Whilst we have all experienced this pandemic in tandem, the impact on young people’s mental health will be varied, some may have experienced isolation, anxiety and a lack of exercise and social interaction. Some children may have thrived having ‘quality time’ at home or most, I suspect, will have struggled with the ongoing lack of ‘normal’ routine, missed friends and free play.
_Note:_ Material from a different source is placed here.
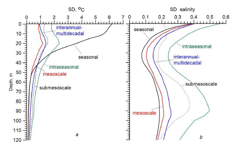 Fig.4. Vertical distribution of the Black Sea average estimates of temporal variability of different scales for water temperature (a) and salinity (b)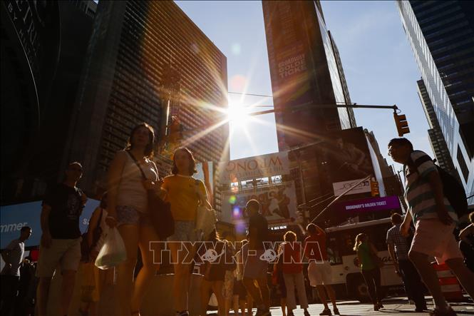 Người dân đi bộ trên Quảng trường Thời Đại ở New York, Mỹ, trong ngày nắng nóng. Ảnh: AFP/TTXVN

It also depends on home situations that the children are brought up in, some may have been experiencing trauma and a wide array of circumstances. 

The impact on my own daughters’ mental health, who share the same home lives, has also been varied, with one child verbally expressing anxiety about missing school and the pending return that lays before her whilst the other has had waves of anger. 

That said, we’re some of the lucky ones as my children’s school have been extremely supportive, I have also been able to use my background in dance and performing arts to stay connected with the kids and ‘dance out’ what their feeling as a form of therapy and my mum is a visual artist so she has led regular Zoom workshops for young people to stay connected to their friends and family whilst being at home. 

Young people from all walks of life are returning to school with trepidation and lots of parents, like me, will also be worried about the unknown of this “new normal.” I can’t imagine the impact on teacher’s as well who we will turn to to guide us through this first term whilst themselves dealing with changing guidelines and their own personal circumstances.

Schools and learning institutions, like medical professionals, may not be able to guarantee us that our children “will be ok,” I am confident that the new school year will give my children the best chance possible to cope with their mental health during these changing times.